Although the self-taught husband-and-wife team had observed other archaeological digs and excavated on their own New Mexico property, Swarts Ruin would be the couple's first professional archaeology endeavor, financed by the Peabody Museum of Archaeology and Ethnology at Harvard University, where Swarts Ruin artifacts are conserved.

Although J. Walter Fewkes had brought Mimbres pottery to the public's attention in 1914, the publication in 1932 of The Swarts Ruin: A Typical Mimbres Site in Southwestern New Mexico gave readers not just the first coherent description of a Mimbres village, but caused a sensation thanks to Hattie's more than 700 painstaking pen-and-ink drawings of Mimbres bowl designs, which provided eclectic, enduring, and powerful visual inspiration to Native American potters and to a wide variety of Southwest artists.

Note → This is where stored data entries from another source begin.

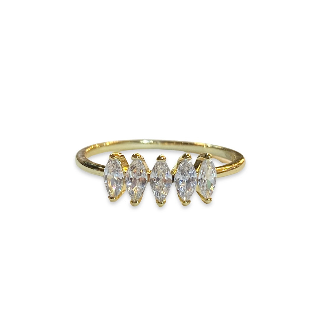 Add some sparkle to your ring stack with our Adriene Marquis Ring! Features a half cubic zirconia paved band and four marquise cut cubic zirconia stones in the center. Makes a nice gift for your special someone and can be stacked with other Noellery rings.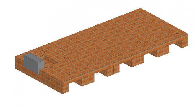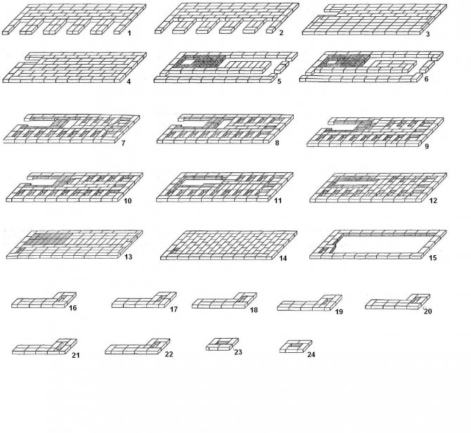 - En disposant la 11e rangée, vous commencerez déjà à former la chambre de cuisson (VC), par conséquent, briquez le trou qui est apparu à droite sur toute la longueur. Utilisez QC lors de la création d'une série. Si vous mettez une porte amovible, le VC peut faire office de four.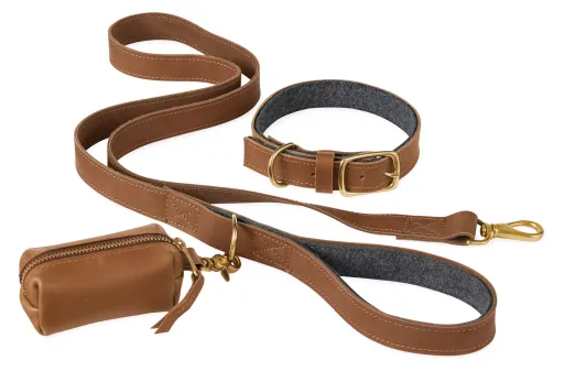 Get everything you need for walking the dog with this set, which includes a leash, collar and waste bag holder. The mix of materials in our Miles collection looks beautiful and provides comfort. Top-grain stitched leather ensures style and durability, walk after walk.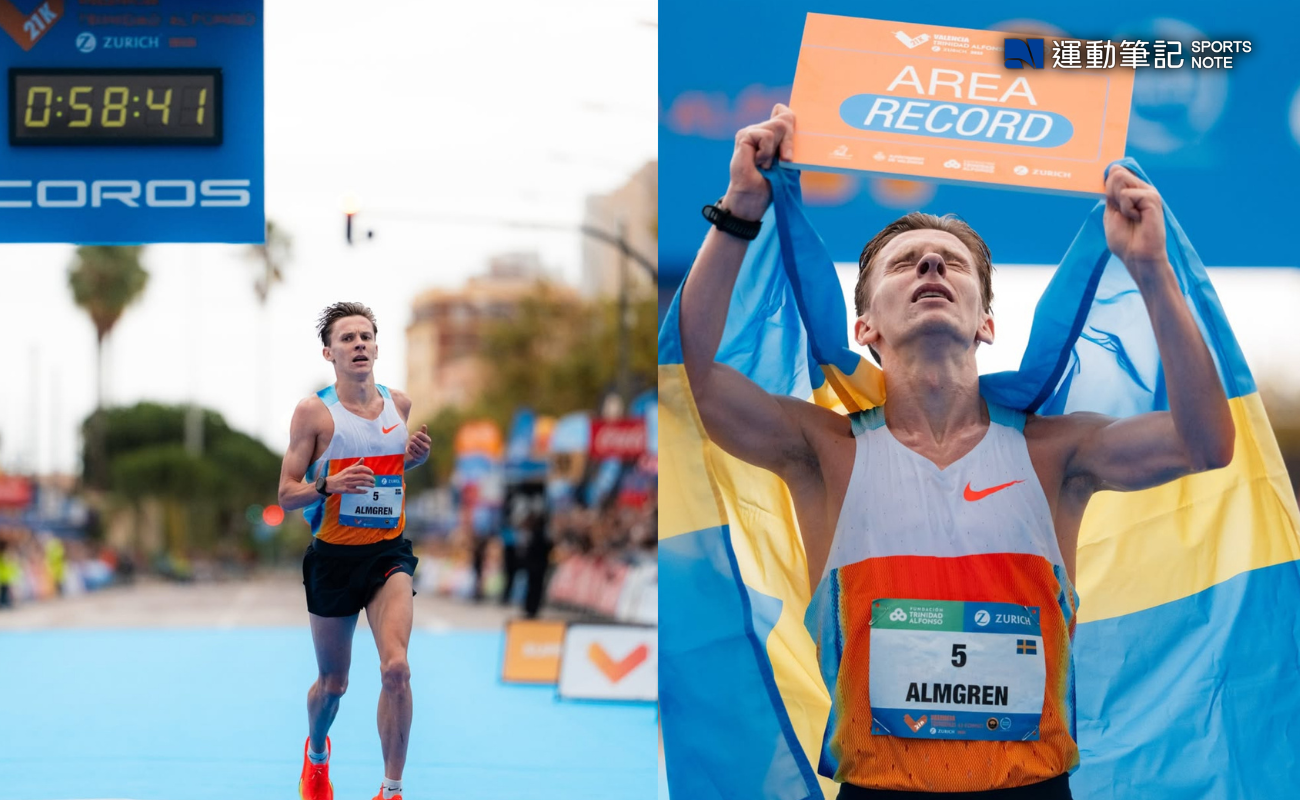2025 年可以說是 Andreas Almgren 的「紀錄年」,加上瓦倫西亞半程馬拉松(58:41),這已經是他今年度第三次寫下新的歐洲紀錄,其中包括今年一月同樣在瓦倫西亞中創下的 10 公里路跑歐洲紀錄(26:53)、瑞典斯德哥爾摩鑽石聯賽 5000 公尺(26:53),確立了他在不同距離上的全能身手!

Although the Cosgroves were aware of tree-ring dating, they did not know that charred wooden beams could yield accurate information under the new method; unfortunately no burned wood samples were saved. Nevertheless, the Cosgroves estimated the date of the site (1000–1150 CE) to within 20 years of what later archaeologists would determine a likely end date (1130 CE), based on comparison to similar Mimbres communities in the region.

The Swarts Ruin discovery broadly informed Mary Colter's designs for the Santa Fe Railroad's distinctive "Mimbreño" china, produced for the Super Chief (and later for business class dining cars) from 1936 to 1970. To satisfy collector demands, authorized "Mimbreño" reproductions have been manufactured since 1989.